Public Static Functions

std::shared_ptr<RangeJoinHashTable> getInstance(const std::shared_ptr<Analyzer::BinOper> condition, const Analyzer::RangeOper *range_expr, const std::vector<InputTableInfo> &query_infos, const Data_Namespace::MemoryLevel memory_level, const JoinType join_type, const int device_count, ColumnCacheMap &column_cache, Executor *executor, const HashTableBuildDagMap &hashtable_build_dag_map, const RegisteredQueryHint &query_hint, const TableIdToNodeMap &table_id_to_node_map)

NOTE(jclay): Handling Range Joins With Mixed Compression:

First, let’s take a concrete example of a query that is rewritten as a range join. Notice in the first code block, that the condition operator is an Overlaps operator. The LHS is a column, and the RHS is the range operator. In order to have the hash table build and probe work properly, we need to ensure that the approriate runtime functions are selected. The following breakdown is provided to help document how the appropriate runtime funditon is selected.

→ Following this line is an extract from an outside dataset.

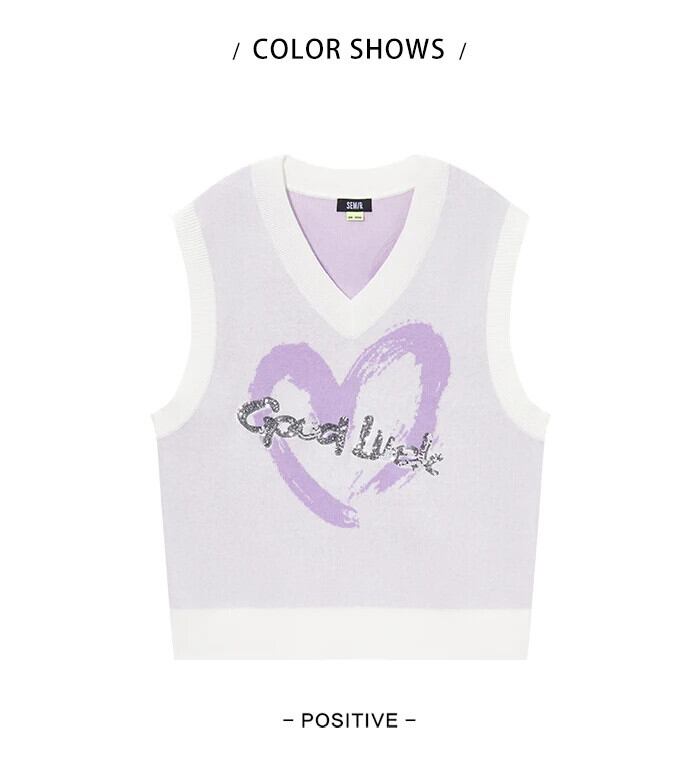 送料無料 Semir 2023 女性ベスト春秋緩い甘いクールトップ V ネックレイヤード着用ジャカードコントラストカラーニットベスト女性 レッド 大人ガーリー スウィート キュート カジュアル スプリング 春物 オータム 秋物 Vネック AE1212777774213521323
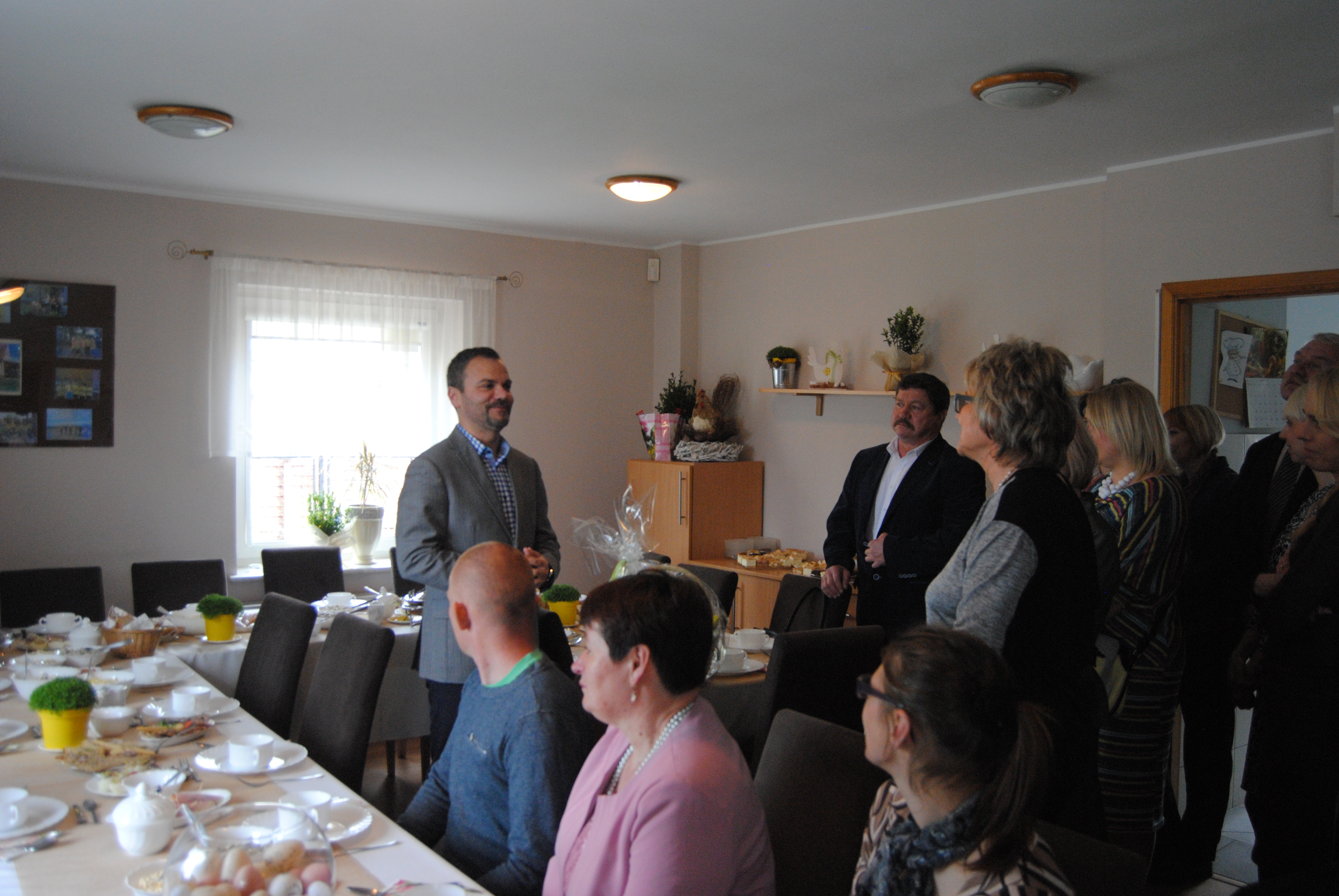 Wszystkich przybyłych gości uroczyście powitała Pani Kierownik – Marzena Janta-Lipińska. Spotkaniu towarzyszyły serdeczne, pełne wiosennego optymizmu życzenia, które złożył w imieniu Zarządu Elbląskiego Stowarzyszenia Organizatorów Pomocy Społecznej - Pan Zbigniew Pawłowski, życzenia złożyli również ks. Mariusz Ostaszewski, Wójt Gminy Gronowo Elbląskie Pan Marcin Ślęzak, Wójt Gminy Markusy – Pani Gabriela Żurawska oraz Sołtys Jegłownika – Pan Krzysztof Dorosz.

  • The LHS of the RangeOper is used to build the hash table

  • The LHS of the OverlapsOper + the RHS of the RangeOper is used as probe

SELECT count(*) FROM t1, t2 where ST_Distance(t1.p1_comp32, t2.p1) <= 6.3;

BinOper condition

((OVERLAPS) (ColumnVar table: (t1) column: (p1_comp32) GEOMETRY(POINT, 4326) ENCODING COMPRESSED(32)) (RangeOper) (ColumnVar table: (t2) column: (p1) GEOMETRY(POINT, 4326) ENCODING NONE), (Const 6.330000))

RangeOper condition

[(ColumnVar table: 5 (t2) column: 1 rte: 1 GEOMETRY(POINT, 4326) ENCODING NONE), (Const 6.330000)]

Same example as above, annotated:

SELECT count(*) FROM t1, t2 where ST_Distance( t1.p1_comp32, << Overlaps Condition LHS t2.p1 << RangeOper LHS ) <= 6.3; << RangeOper RHS

In this case, we select the uncompressed runtime functions when building the hash table over t2.p1. When performing the probe, we must select the compressed runtime functions.

Protected Functions

void reifyWithLayout(const HashType layout)
void reifyForDevice(const ColumnsForDevice &columns_for_device, const HashType layout, const size_t entry_count, const size_t emitted_keys_count, const int device_id, const logger::ThreadId parent_thread_id)
std::shared_ptr<BaselineHashTable> initHashTableOnCpu(const std::vector<JoinColumn> &join_columns, const std::vector<JoinColumnTypeInfo> &join_column_types, const std::vector<JoinBucketInfo> &join_bucket_info, const HashType layout, const size_t entry_count, const size_t emitted_keys_count)
HashType getHashType() const
std::pair<size_t, size_t> approximateTupleCount(const std::vector<double> &inverse_bucket_sizes_for_dimension, std::vector<ColumnsForDevice> &columns_per_device, const size_t chosen_max_hashtable_size, const double chosen_bucket_threshold)
std::pair<size_t, size_t> computeRangeHashTableCounts(const size_t shard_count, std::vector<ColumnsForDevice> &columns_per_device)

Private Functions

bool isInnerColCompressed() const
bool isProbeCompressed() const

Private Members

const Analyzer::RangeOper *range_expr_
std::shared_ptr<Analyzer::ColumnVar> inner_col_expr_
const double bucket_threshold_ = {std::numeric_limits<double>::max()}
const size_t max_hashtable_size_ = {std::numeric_limits<size_t>::max()}